As though to prove her right, the fox himself limped into the room right then. My shoulders went slack out of sheer relief, unconsciously stretching a hand out in his direction. He was moving. He was okay. He made a tiny high whine with every step, but considering he was able to get onto three out of four feet and move, he was probably in better shape than me.
I finally let myself be helped onto the gurney, continuing to hold my hand out to Fluke as I got close enough. “You go with Grandma, okay, buddy? She’ll make sure you’re okay.”
Iris gave a tiny sniffle at being called grandma, even if I was talking to Fluke. “We’ll join you in the hospital before you know it,” she told me, softly stroking Fluke’s head. “You just focus on being okay, sweetheart. You’re my favorite grandson; you’ve got to get better.”
This time when Jason loaded me into the ambulance, Gideon was at my side.
“No wonder you didn’t seem interested in the quaesitor’s flirting,” Jason whispered to me. Then he seemed to recall that he’d just seen that very man dead on the floor of my kitchen, and went quiet, biting his lip.
I managed to reach out for Gideon’s hand, and he took it and squeezed.
“Damn right he wasn’t interested in that flirty Aureum bastard,” Gideon agreed. “He’s spoken for. And I’m sorry I wasn’t there last night. That’s never going to happen again. I’m here now.”
* * *
By the timeIris and Fluke joined us in the hospital, Fluke’s leg in a bright yellow cast, she had somehow procured a legal identity for Gideon.

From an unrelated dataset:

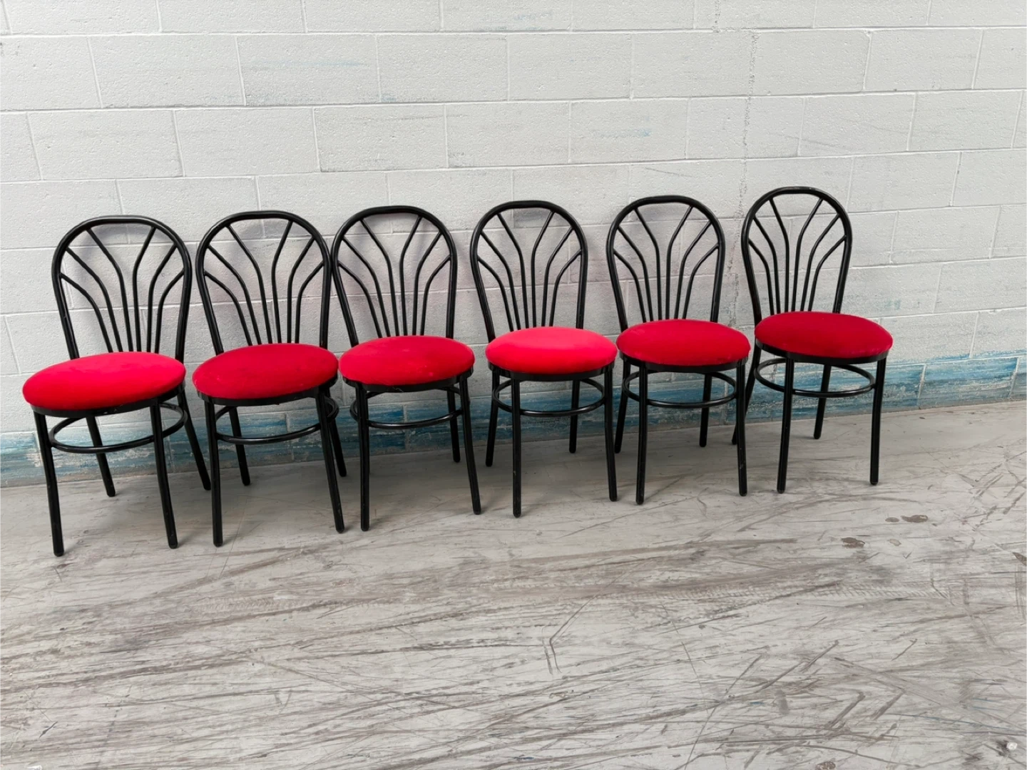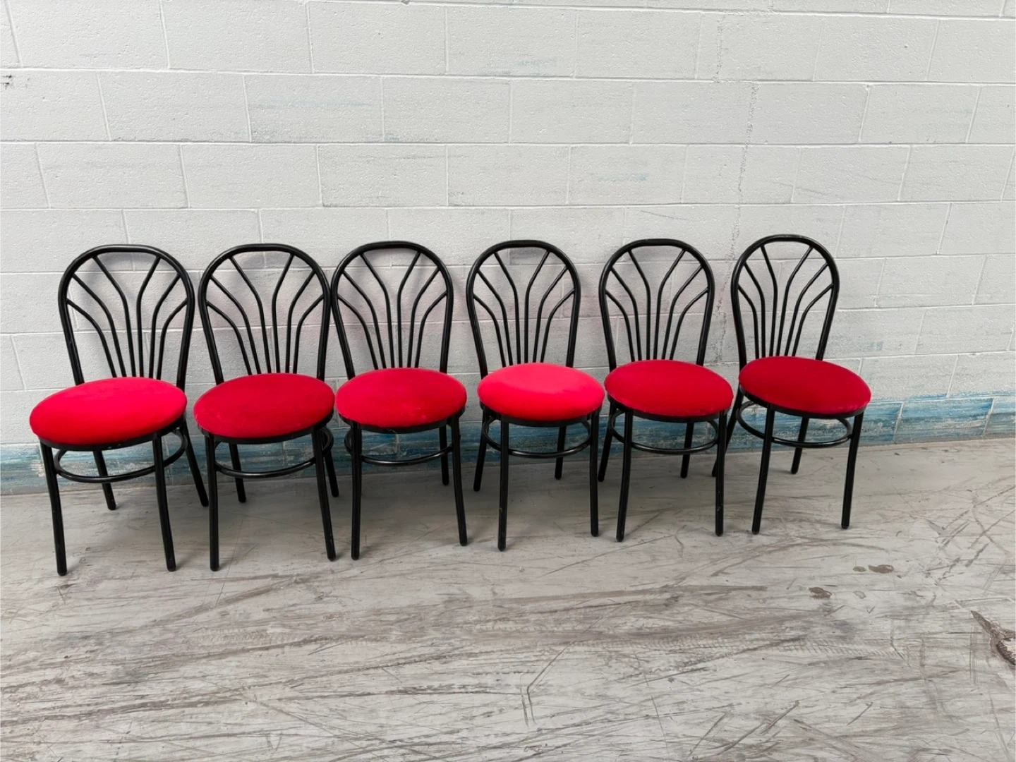 good condition Set of 6 Red Seat Black Frame Chairs

“It’s Marsh, not Knight,” he told her, looking confusedly at the birth certificate that named him Gideon Knight and said he had been born in nineteen-seventy-nine.

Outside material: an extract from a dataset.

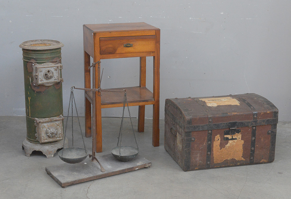 Lotto composto da un piccolo baule da viaggio, un'antica bilancia a due braccia, un comodino e una stufa a legna in ghisa color verde (difetti)

She shrugged it off. “It’s Knight now, dear. I didn’t know, and we needed it done immediately. Besides,”—she looked around, making sure there were no eavesdroppers at the hospital room’s door, then turned back to us—“on the chance that the people that man worked for know who Gideon Marsh was, it’s for the best we don’t use that name.”

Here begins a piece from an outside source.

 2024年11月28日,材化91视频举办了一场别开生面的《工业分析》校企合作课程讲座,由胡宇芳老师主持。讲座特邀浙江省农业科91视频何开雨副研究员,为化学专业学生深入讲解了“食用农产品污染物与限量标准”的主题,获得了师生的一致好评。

I suspected Gideon alone would be enough to get their attention, with his name and his, um, person, but it didn’t seem worth an argument. Besides, Knight fit him well enough. I reached out and squeezed his fingers. “It’s very you, my knight in shining armor.”
Gideon scoffed in disgust. “Right. Leaving you to almost get killed by that Merton woman twice. I’m a real protector.”
“You were there when I needed you.” I looked at Iris, then down at Fluke. “You all were. I think I’d be dead now without any one of you.” It was overwhelming, since just weeks earlier none of them had been a part of my life. And yet, the very thought of living without them now made my breath catch and my stomach churn.
Iris waved me off. “Them, sure, but—”
“That book you loaned me.The Spark? That was how I brought Gideon back. If he hadn’t been there, he couldn’t have saved me,” I pointed out to her.
She beamed at me, drawing her shoulders up. “I didn’t think it was possible, but I so hoped that you could manage it. Your mother always talked about the potential the magic had.”
“He’d have been the only one who would even try,” Gideon said with a chuckle. “Who else would have read a book that said ‘here’s a thing that don’t work’ and think, ‘but what if it did?’ ”
I shrugged, then winced when my whole body throbbed in pain. Fluke leapt up onto the bed next to me as though he weren’t wearing a cast on his front left leg, and lay across me. Something unwound in my chest to have him there. My life wasn’t quite right anymore if I didn’t have Fluke sprawled across me and Gideon smiling down at us in bemusement.
Iris gave us a soft smile, then turned to Gideon. “We should let them rest. In the meantime, we can discuss having a stable put up on Sage’s property. Your familiar will need a place, after all.”
I drifted off to sleep as they talked about just how much room Marron was going to need. Holy hell. Gideon had ahorse. I’d thought a fox was a big responsibility.
Chapter Thirty-Two
Gideon sniffed the lid of the cardboard pizza box for the fifth or sixth time as we walked down the sidewalk toward the bookstore, and I hid my smile.